Materials provided:
- - -
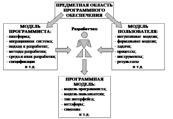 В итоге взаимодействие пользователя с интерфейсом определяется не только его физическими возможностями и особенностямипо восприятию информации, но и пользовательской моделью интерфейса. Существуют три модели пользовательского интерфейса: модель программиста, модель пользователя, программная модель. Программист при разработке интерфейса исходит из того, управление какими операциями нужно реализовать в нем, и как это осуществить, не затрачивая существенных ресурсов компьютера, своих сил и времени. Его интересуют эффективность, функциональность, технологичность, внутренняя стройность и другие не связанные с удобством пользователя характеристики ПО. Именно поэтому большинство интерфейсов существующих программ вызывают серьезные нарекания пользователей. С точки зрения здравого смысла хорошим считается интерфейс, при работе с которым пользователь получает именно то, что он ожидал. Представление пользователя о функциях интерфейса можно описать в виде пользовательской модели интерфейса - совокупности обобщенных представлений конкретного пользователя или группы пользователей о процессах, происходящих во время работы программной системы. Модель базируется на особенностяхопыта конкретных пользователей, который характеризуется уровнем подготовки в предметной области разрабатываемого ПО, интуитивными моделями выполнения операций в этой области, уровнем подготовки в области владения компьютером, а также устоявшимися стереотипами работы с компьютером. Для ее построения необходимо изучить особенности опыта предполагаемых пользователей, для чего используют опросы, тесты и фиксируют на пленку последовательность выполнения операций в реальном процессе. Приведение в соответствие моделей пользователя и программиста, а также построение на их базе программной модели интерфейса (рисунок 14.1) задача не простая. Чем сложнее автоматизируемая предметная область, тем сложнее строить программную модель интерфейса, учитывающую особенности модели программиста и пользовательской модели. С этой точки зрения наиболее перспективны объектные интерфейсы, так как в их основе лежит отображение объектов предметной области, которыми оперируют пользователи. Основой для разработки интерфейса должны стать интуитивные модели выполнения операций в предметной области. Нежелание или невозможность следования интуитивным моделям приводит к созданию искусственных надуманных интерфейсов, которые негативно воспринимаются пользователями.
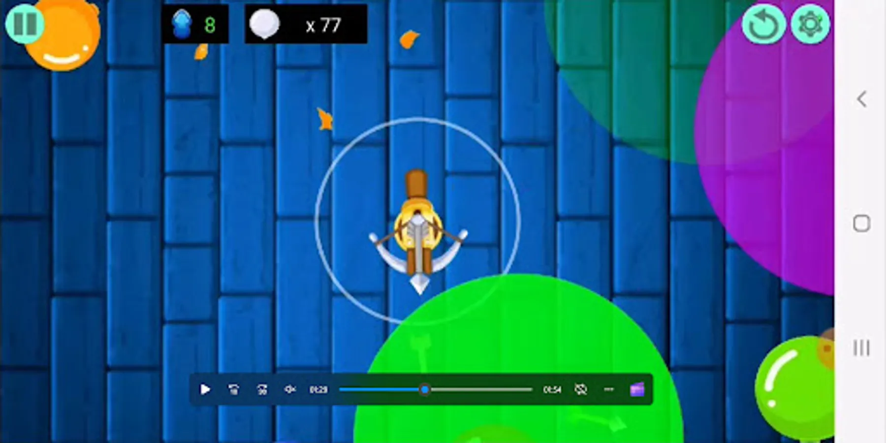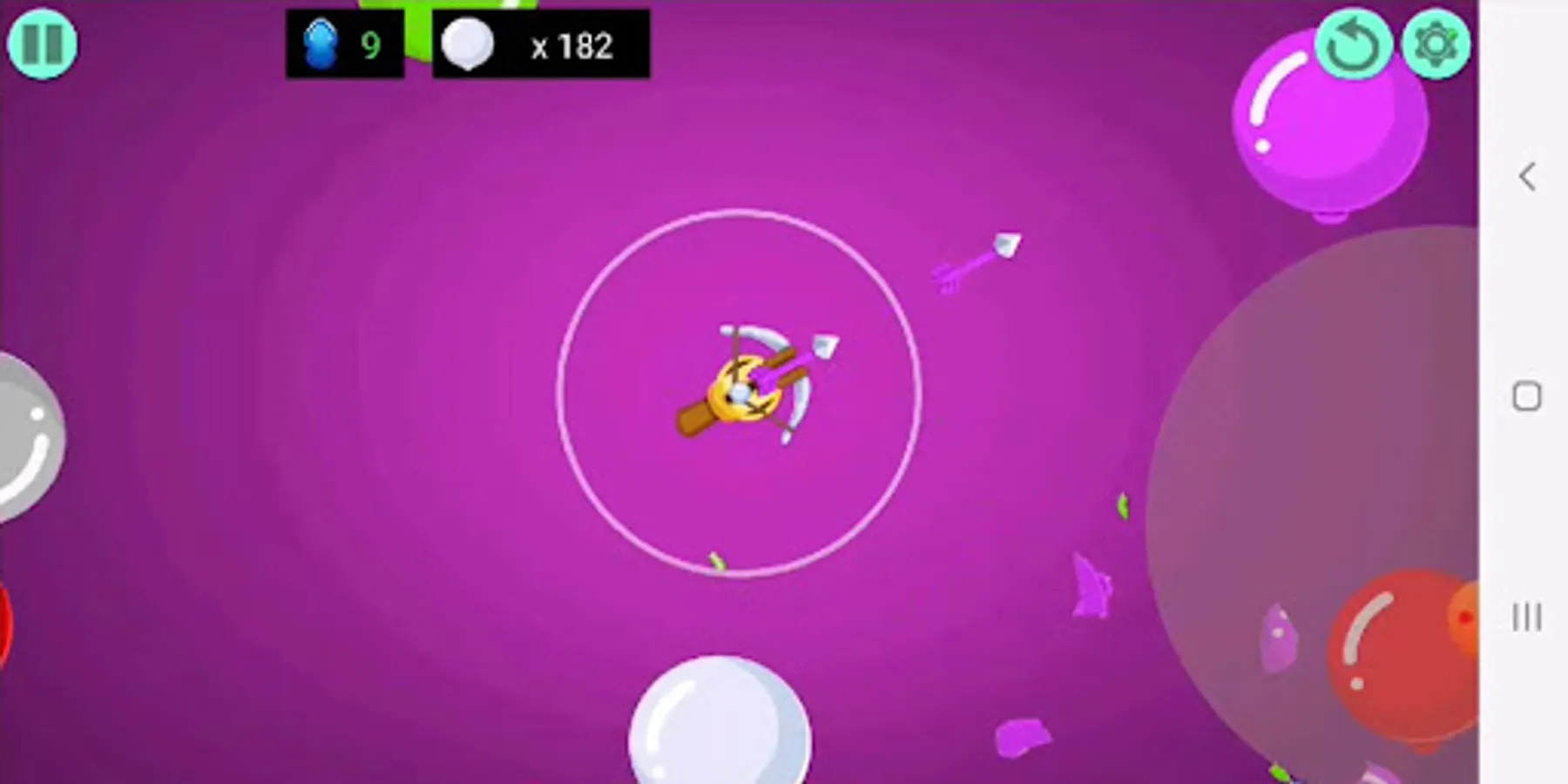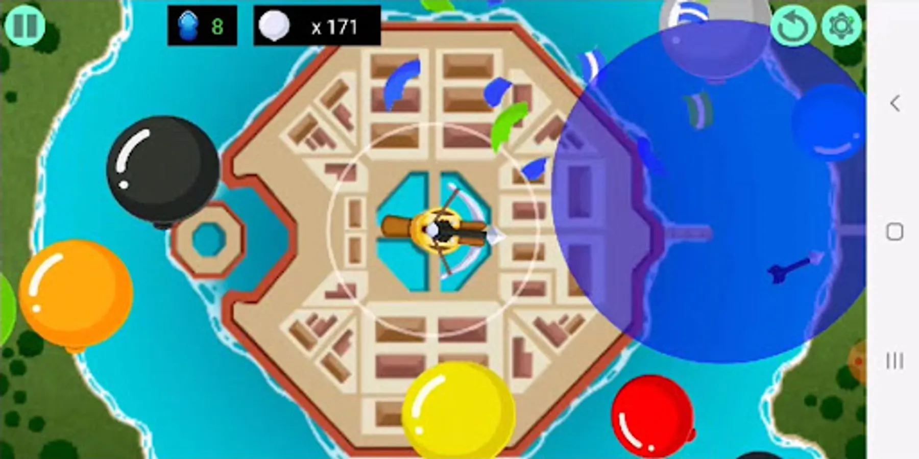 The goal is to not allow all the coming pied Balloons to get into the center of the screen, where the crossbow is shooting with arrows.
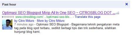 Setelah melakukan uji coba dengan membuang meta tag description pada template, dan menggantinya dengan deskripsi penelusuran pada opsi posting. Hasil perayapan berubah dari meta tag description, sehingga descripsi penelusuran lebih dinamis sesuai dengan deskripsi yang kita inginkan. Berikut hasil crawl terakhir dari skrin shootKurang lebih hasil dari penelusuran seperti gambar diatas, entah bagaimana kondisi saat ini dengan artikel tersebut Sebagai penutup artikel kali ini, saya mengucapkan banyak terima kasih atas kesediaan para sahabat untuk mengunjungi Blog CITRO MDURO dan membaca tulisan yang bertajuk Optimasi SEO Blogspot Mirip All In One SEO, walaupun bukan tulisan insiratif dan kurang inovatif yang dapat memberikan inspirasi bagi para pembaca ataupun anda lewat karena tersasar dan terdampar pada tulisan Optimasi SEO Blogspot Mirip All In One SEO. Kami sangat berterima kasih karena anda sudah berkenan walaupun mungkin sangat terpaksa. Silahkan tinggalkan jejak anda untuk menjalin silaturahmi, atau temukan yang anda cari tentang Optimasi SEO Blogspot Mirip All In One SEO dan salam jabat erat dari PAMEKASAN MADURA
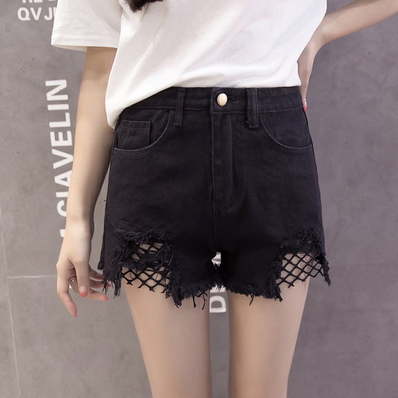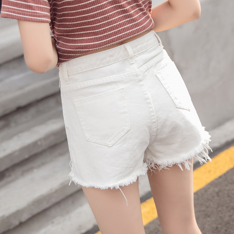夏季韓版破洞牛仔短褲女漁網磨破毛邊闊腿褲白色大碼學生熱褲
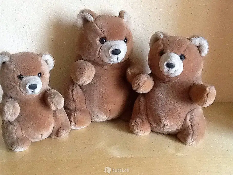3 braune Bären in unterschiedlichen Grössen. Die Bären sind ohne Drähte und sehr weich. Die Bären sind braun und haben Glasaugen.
- - -
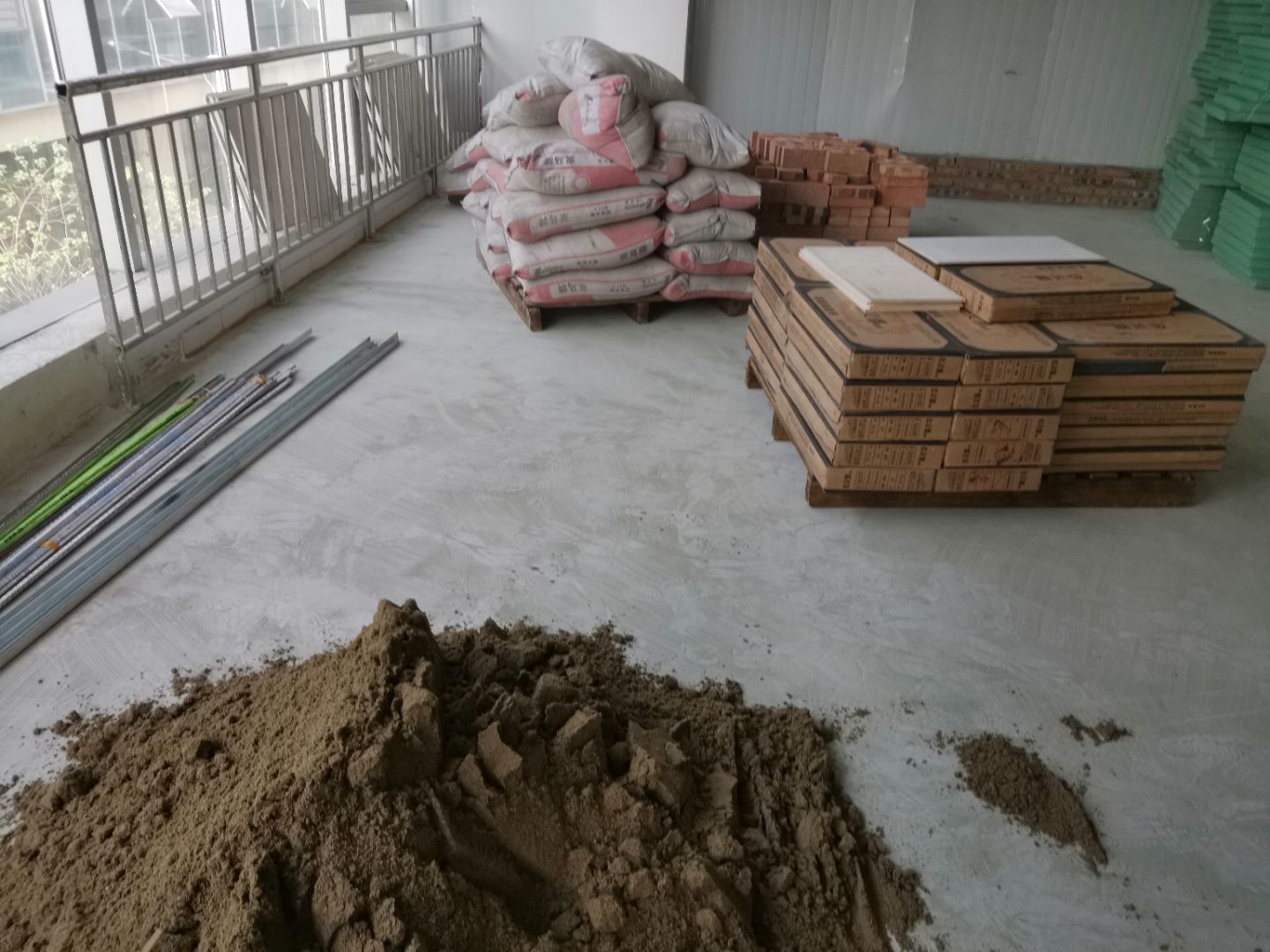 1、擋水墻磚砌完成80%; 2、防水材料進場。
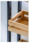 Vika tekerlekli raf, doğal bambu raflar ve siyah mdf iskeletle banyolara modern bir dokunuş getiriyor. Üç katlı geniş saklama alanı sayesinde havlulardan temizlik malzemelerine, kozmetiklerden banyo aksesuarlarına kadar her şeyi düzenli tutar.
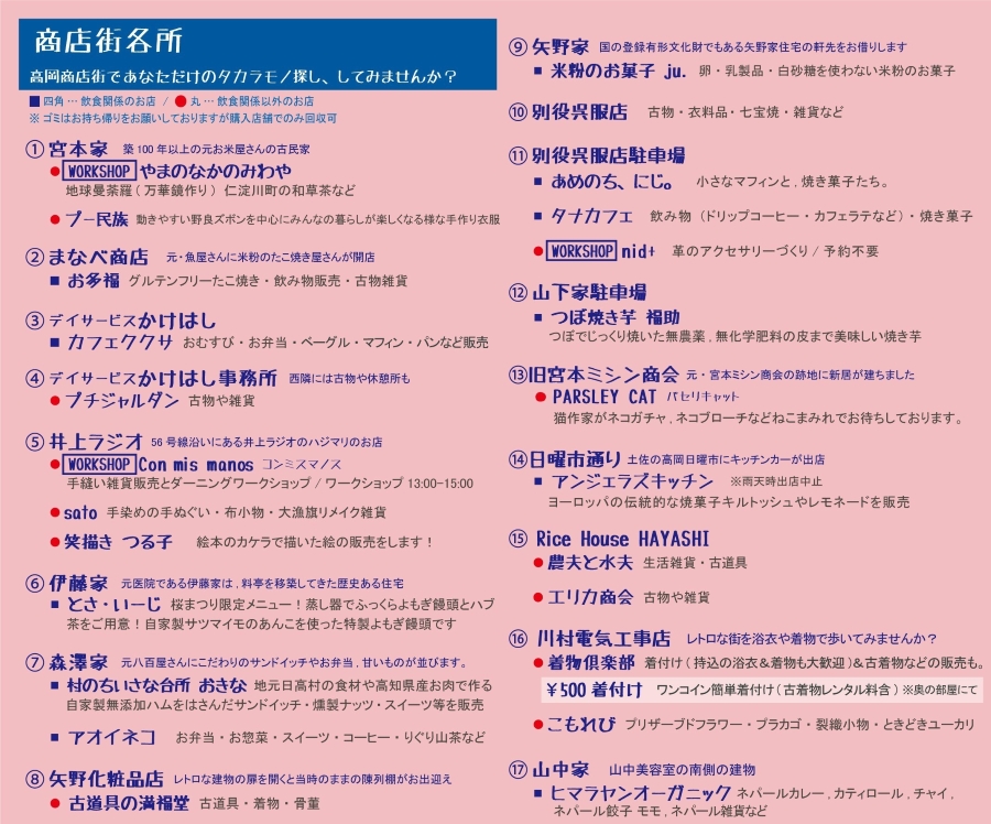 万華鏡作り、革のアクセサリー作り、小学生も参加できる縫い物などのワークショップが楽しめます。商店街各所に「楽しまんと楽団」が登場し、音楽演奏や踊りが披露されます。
- - -
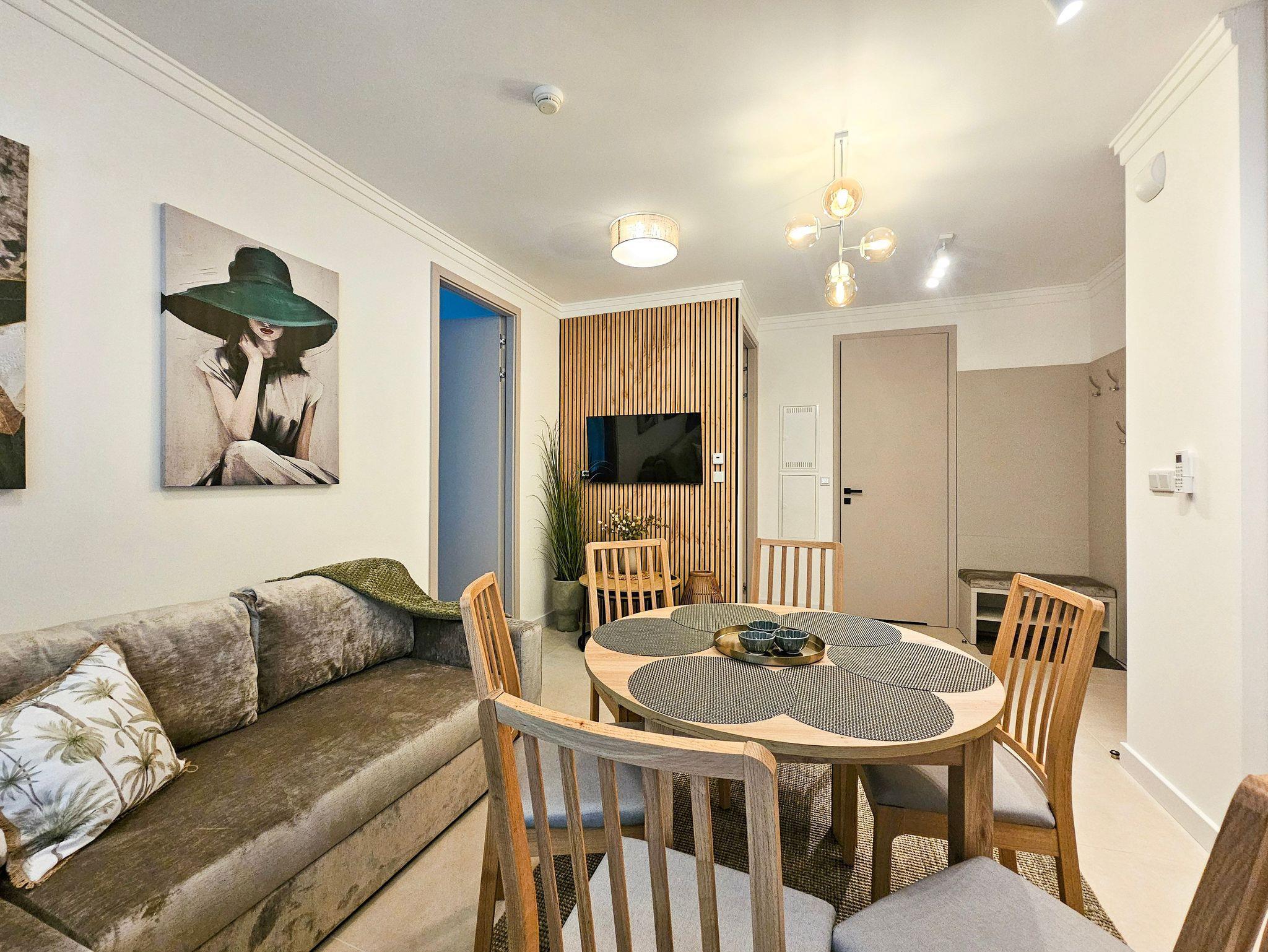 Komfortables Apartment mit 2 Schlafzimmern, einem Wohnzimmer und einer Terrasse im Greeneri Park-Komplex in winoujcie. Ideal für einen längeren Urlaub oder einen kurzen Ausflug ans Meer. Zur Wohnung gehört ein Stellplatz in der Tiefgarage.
- - -
Exercise details: When copying from the data above, begin at the line containing "夏季韓版破洞牛仔短褲女漁網磨破毛邊闊腿褲白色大碼學生熱褲" and end at the line containing "3 braune Bären"; return those lines exactly and leave all pictures behind.

Exercise solution:
夏季韓版破洞牛仔短褲女漁網磨破毛邊闊腿褲白色大碼學生熱褲
3 braune Bären in unterschiedlichen Grössen. Die Bären sind ohne Drähte und sehr weich. Die Bären sind braun und haben Glasaugen.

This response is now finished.